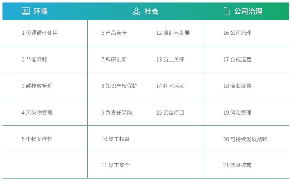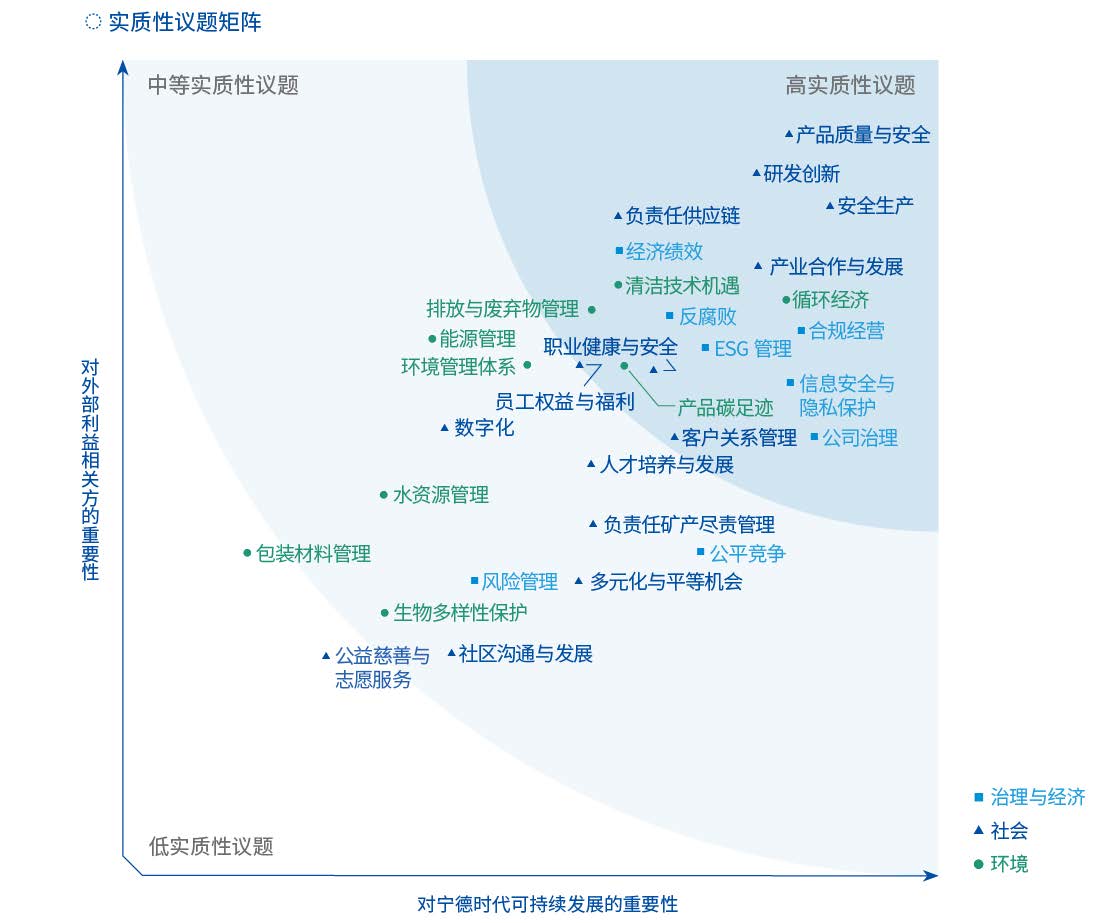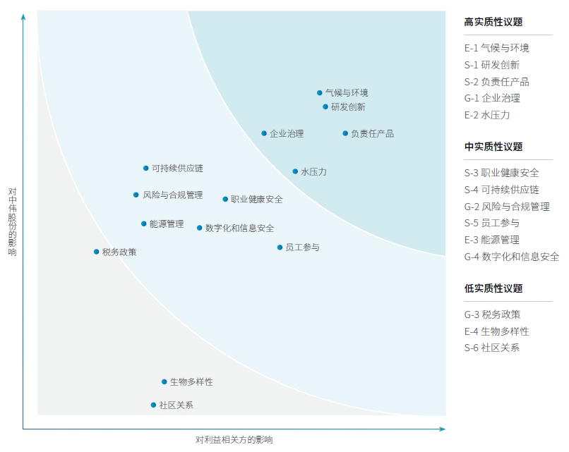 為持續(xù)提升ESG管理水平,欣旺達依據(jù)國家宏觀政策導向、國內(nèi)外社會責任標準研究、利益相關方調(diào)研和公司發(fā)展戰(zhàn)略等維度,綜合識別出對公司和利益相關方均有重要影響的主題和議題,形成實質(zhì)性議題庫。欣旺達最新一次實質(zhì)性議題評估于2023年初完成,已識別的實質(zhì)性議題維持有效,并于本報告中持續(xù)回應相關議題行動與成效。
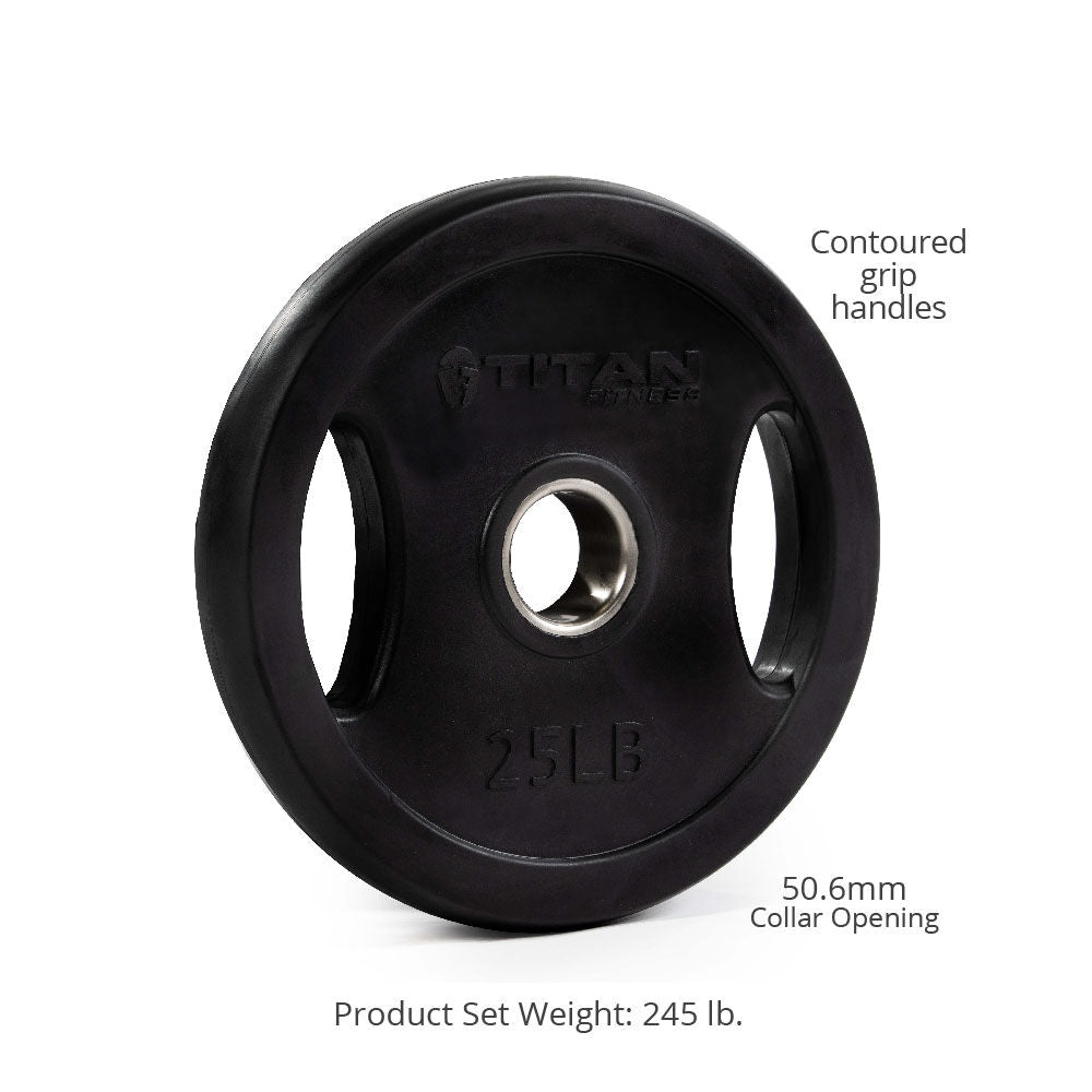 The Grip Plates are offered in pairs of 2.5 LB, 5 LB, 10 LB, and 25 LB increments and are sold individually in 35 LB, 45 LB, and 55- LB. Additionally, we offer a full set of 245 LB. Each plate is made from Cast Iron and provides a durable rubber coating that prevents the weight from chipping and rusting. Each plate is designed with a 50.6mm center hole and features contoured grip handles to provide a secure grip when carrying or loading them onto your Olympic size barbell.
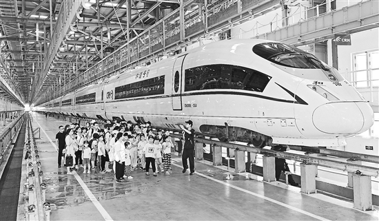7月27日,在合肥南站动车运用所,20多名务工者子女正在聆听机械师关于动车的先进技术和发展历程的讲解。
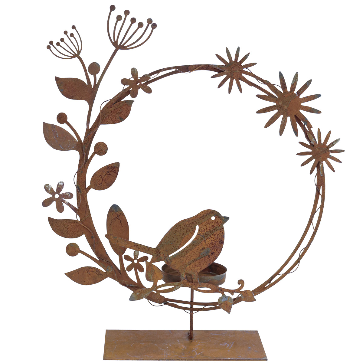 Termék neve: Bird deco virág teamécses tartó rozsda megjelenés 24×27×6cm
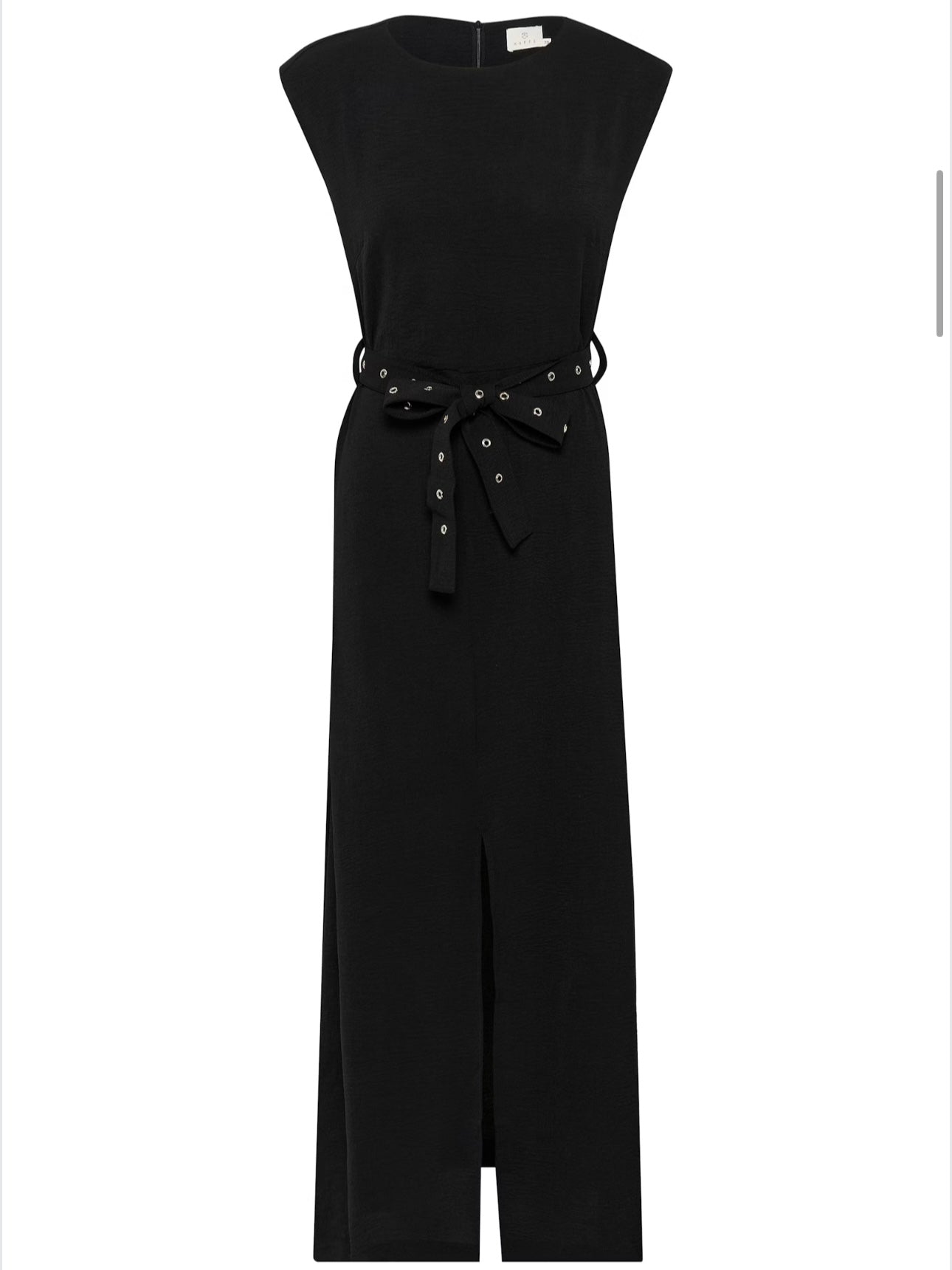 Sleeveless maxi dress with a wide, structured shoulder, straight silhouette, round neckline, and a matching belt with metal eyelets. Features a front slit for ease and effortless style. Minimalist look with subtle texture throughout.
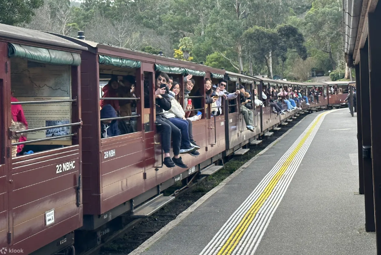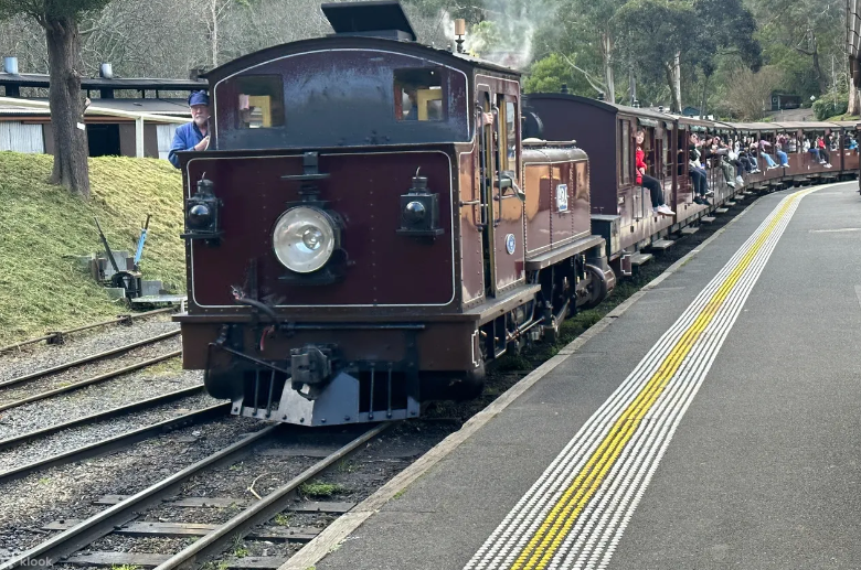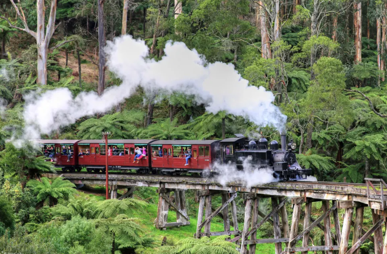 퍼핑 빌리(Puffing Billy) 증기 기관차를 타고 에메랄드 호수 공원까지 증기 기관차를 타고 경치를 감상하세요.
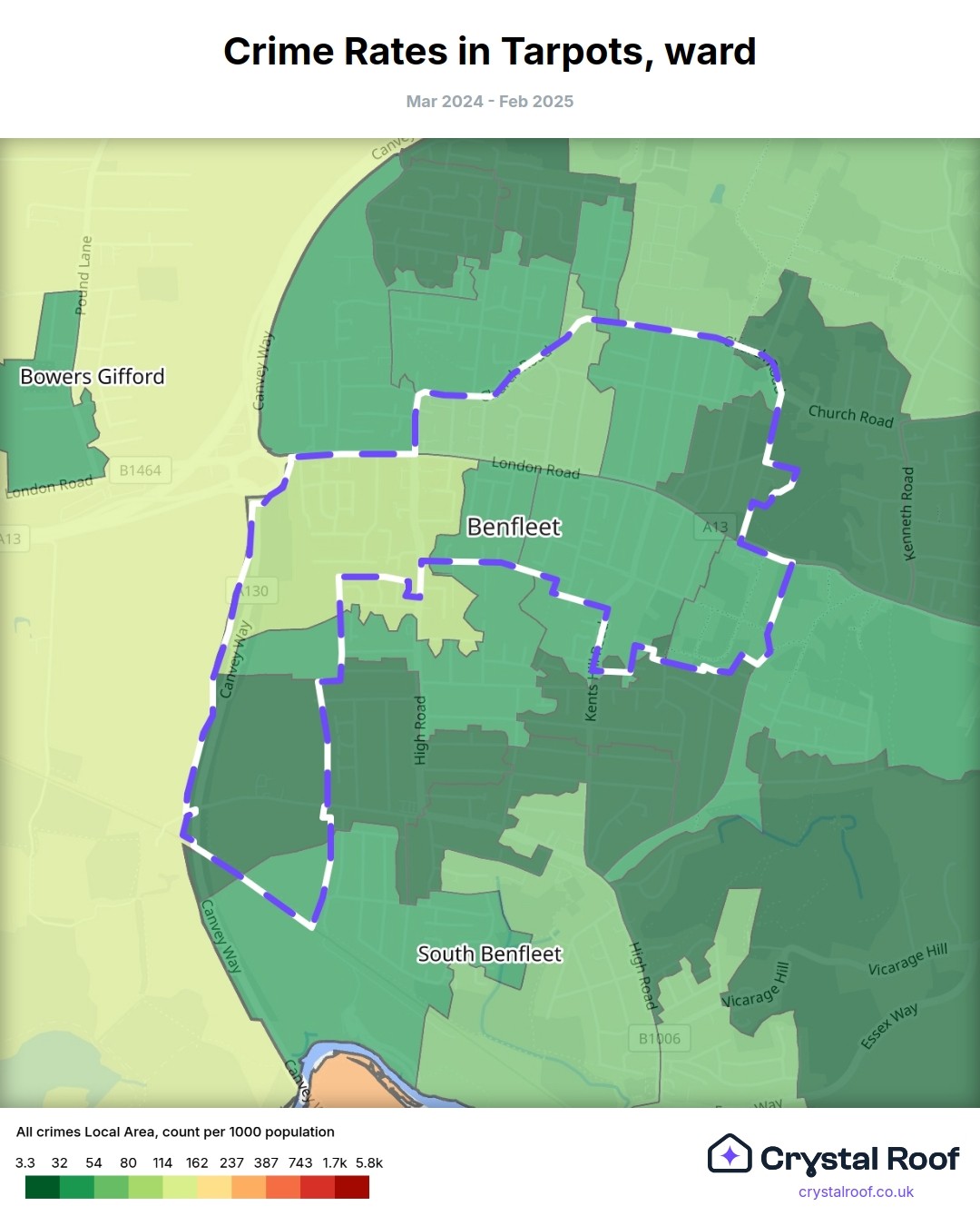 Tarpots (ward) is located within Castle Point (borough). Annual total crime rate in Castle Point (borough) is 61.2 crimes per thousand resident population, which can be rated as 2 out of 10 or low crime level compared to other local authority districts in England and Wales.
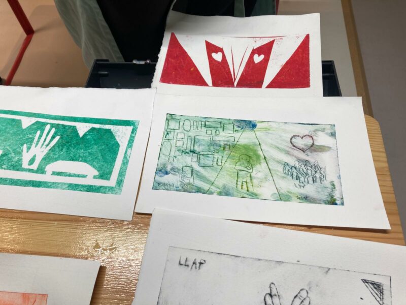 Met behulp van zeefdruk, ets of en linosnede is in de mobiele drukkerij “emotioneel kapitaal” gedrukt.
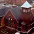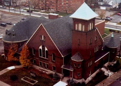 La iglesia de ladrillo rojo de estilo románico Richardson presenta una torre campanario y ocupa una posición central en el área.
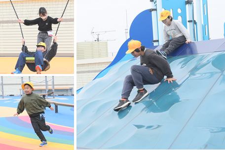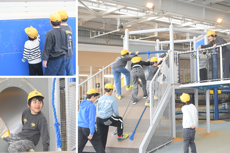 みどり・わかば学級が、お別れ遠足で「ららぽーと」と「篠目公園」に出かけました。昨日は雨で延期となりましたが、今日はとても良い天気となりました。学校から歩いて移動するには少々時間がかかりましたが、屋上の広場では元気に遊んでいました。
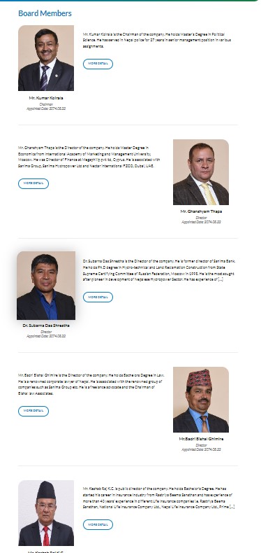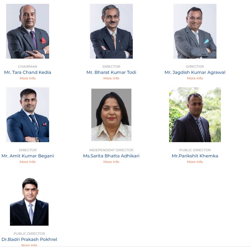 संचालक समितिमा घनश्याम थापा, सुवर्ण दास श्रेष्ठ, बद्रि बिशाल घिमिरे, केशव राज के.सी. र शिब हरी घिमिरे संचालकमा बहाल रहेका छन् ।
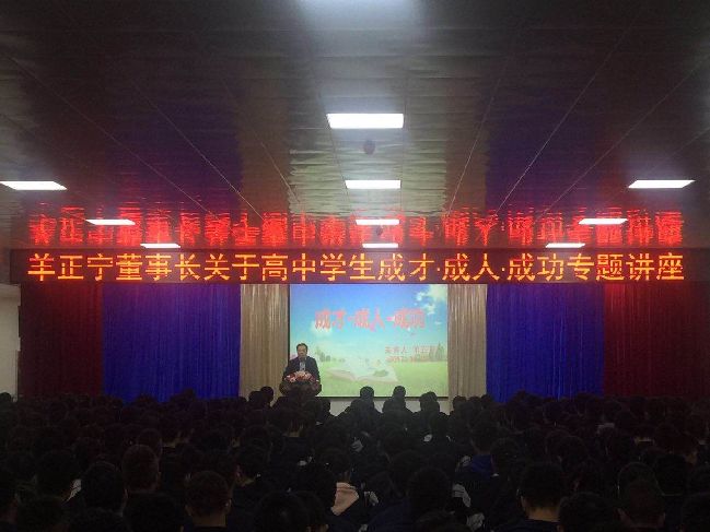 10月9日下午,羊正宁董事长在启升中学崇德楼报告厅给高二级八百多名师生做了“成才、成人、成功”专题讲座,师生反响强烈达到了预期的效果。讲座由赵五成校长主持。报告厅座无虚席、师生凝声静气、洗耳恭听羊董事长的励志故事。“我曾经是个农村孩子”、“我也是一个专业生”、“我上小学、初中时并不是一个好学生”、“我不甘平庸”。这些朴实的语言、蕴含哲理的故事,引起师生的共鸣,博得了阵阵掌声。
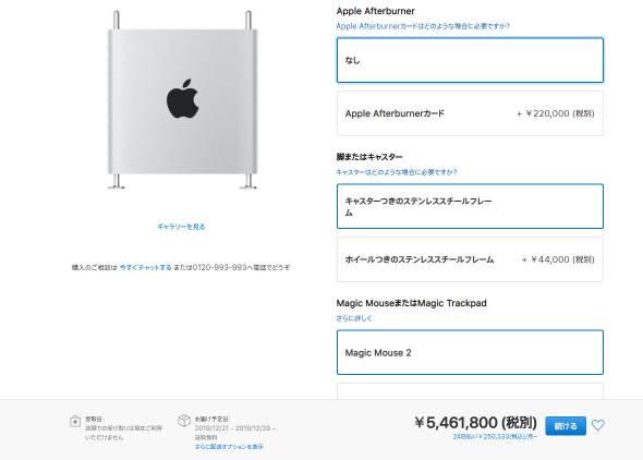 Appleは12月11日、Macintoshのハイエンド機「Mac Pro」を発売しました。ベースの価格から59万9800円(税別)というプロ仕様ですが、スペックをマシマシにしていくと高級輸入車が買えてしまう価格になってしまうことがTwitterなどで話題になっています。
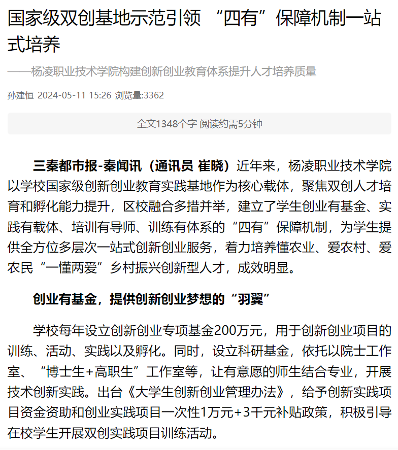 三秦都市报-秦闻讯(通讯员 崔晓)近年来,杨凌职业技术学院以学校国家级创新创业教育实践基地作为核心载体,聚焦双创人才培育和孵化能力提升,区校融合多措并举,建立了学生创业有基金、实践有载体、培训有导师、训练有体系的“四有”保障机制,为学生提供全方位多层次一站式创新创业服务,着力培养懂农业、爱农村、爱农民“一懂两爱”乡村振兴创新型人才,成效明显。
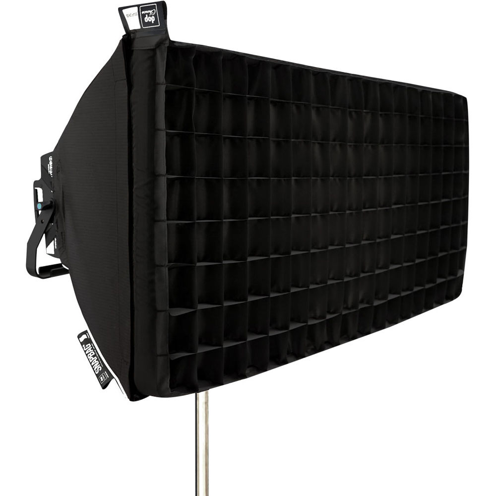 The 40-degree Snapgrid for Gemini 2x1 Horizontal Array LED Panels from Litepanels snaps on the required Snapbag softbox in seconds and tunnels the light's output forward, tightening the beam spread, controlling spill light, and enabling selective lighting.

▶ [Task requirements] In the reply, give again exactly the lines from the beginning of the entries above through the line with "퍼핑 빌리(Puffing Billy)"; pictures stay out.

▶ [Written response]
 為持續(xù)提升ESG管理水平,欣旺達依據(jù)國家宏觀政策導向、國內(nèi)外社會責任標準研究、利益相關方調(diào)研和公司發(fā)展戰(zhàn)略等維度,綜合識別出對公司和利益相關方均有重要影響的主題和議題,形成實質(zhì)性議題庫。欣旺達最新一次實質(zhì)性議題評估于2023年初完成,已識別的實質(zhì)性議題維持有效,并于本報告中持續(xù)回應相關議題行動與成效。
 The Grip Plates are offered in pairs of 2.5 LB, 5 LB, 10 LB, and 25 LB increments and are sold individually in 35 LB, 45 LB, and 55- LB. Additionally, we offer a full set of 245 LB. Each plate is made from Cast Iron and provides a durable rubber coating that prevents the weight from chipping and rusting. Each plate is designed with a 50.6mm center hole and features contoured grip handles to provide a secure grip when carrying or loading them onto your Olympic size barbell.
7月27日,在合肥南站动车运用所,20多名务工者子女正在聆听机械师关于动车的先进技术和发展历程的讲解。
 Termék neve: Bird deco virág teamécses tartó rozsda megjelenés 24×27×6cm
 Sleeveless maxi dress with a wide, structured shoulder, straight silhouette, round neckline, and a matching belt with metal eyelets. Features a front slit for ease and effortless style. Minimalist look with subtle texture throughout.
 퍼핑 빌리(Puffing Billy) 증기 기관차를 타고 에메랄드 호수 공원까지 증기 기관차를 타고 경치를 감상하세요.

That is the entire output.